Is there a new udpate on this? I tried all solutions like do_sample=True, but it's so slow...

KLGR123 avatar May 16 '23 06:05 KLGR123

同样的问题

EmilyLong0721 avatar May 29 '23 02:05 EmilyLong0721

+1 也遇到这个问题

king21guns avatar Jun 02 '23 06:06 king21guns

do_sample

set 'per_device_eval_batch_size' a larger number

TMACchen1995 avatar Jun 07 '23 07:06 TMACchen1995

You probably forgot to call model.half(). I encountered the same error, after I added the model.half() invocation, the error disappeared. The example code in README.md contains the model.half() invocation, though I don't understand why this invocation is always necessary. 可能是由于没有调用 model.half(),我也遇到了这个错误,添加 model.half() 调用后可以了。README.md 里面的示例代码有 model.half(),我也不太明白为啥都得加上这个调用。
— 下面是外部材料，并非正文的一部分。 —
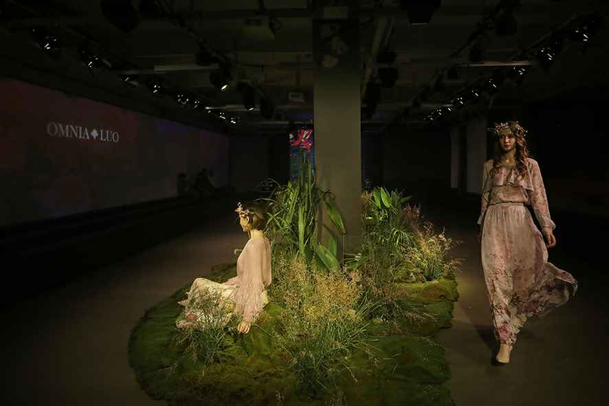现场手碟演奏拉开了欧柏兰奴2019春夏新品发布会的序幕。氤氲的气氛包围着全场,3D高科技全息投影效果,让人身临其境的进入到的花之秘境的世界。

codingfun2022 avatar Jun 13 '23 03:06 codingfun2022

demo样例 from modeling_chatglm import ChatGLMForConditionalGeneration from tokenization_chatglm import ChatGLMTokenizer import gradio as gr

model_path= r'chat-GLM' #tokenizer = AutoTokenizer.from_pretrained(model_path, trust_remote_code=True) #model = AutoModel.from_pretrained(model_path,trust_remote_code=True).half().cuda() tokenizer = ChatGLMTokenizer.from_pretrained(model_path, trust_remote_code=True) model = ChatGLMForConditionalGeneration.from_pretrained(model_path,trust_remote_code=True).half().cuda() model = model.eval() response, history = model.chat(tokenizer, "你好", history=[])

print(response)

File /home/miniconda3/lib/python3.8/site-packages/transformers/generation/utils.py:2479, in GenerationMixin.sample(self, input_ids, logits_processor, stopping_criteria, logits_warper, max_length, pad_token_id, eos_token_id, output_attentions, output_hidden_states, output_scores, return_dict_in_generate, synced_gpus, **model_kwargs) 2477 # sample 2478 probs = nn.functional.softmax(next_token_scores, dim=-1) -> 2479 next_tokens = torch.multinomial(probs, num_samples=1).squeeze(1) 2481 # finished sentences should have their next token be a padding token 2482 if eos_token_id is not None:

RuntimeError: probability tensor contains either inf, nan or element < 0

我的解决了,我是从外网下载模型到windows系统上,然后U盘拷贝到内网,再上传到服务器,中间不知道哪个环节出问题了,检查文件的md5sum发现不对,重新下载上传就好了。可能是模型文件的问题,建议检查一下

rufeng-h avatar Aug 16 '23 00:08 rufeng-h

不开load-in-8bit是正常的.

有可能是模型量化带来的问题,https://huggingface.co/databricks/dolly-v2-12b/discussions/77

SCZwangxiao avatar Sep 07 '23 01:09 SCZwangxiao

我的解决方式是调整temperature参数(chat()或者generate()接口)。原先temperature=0.1会报错,调整到temperature=0.95就不会有问题了。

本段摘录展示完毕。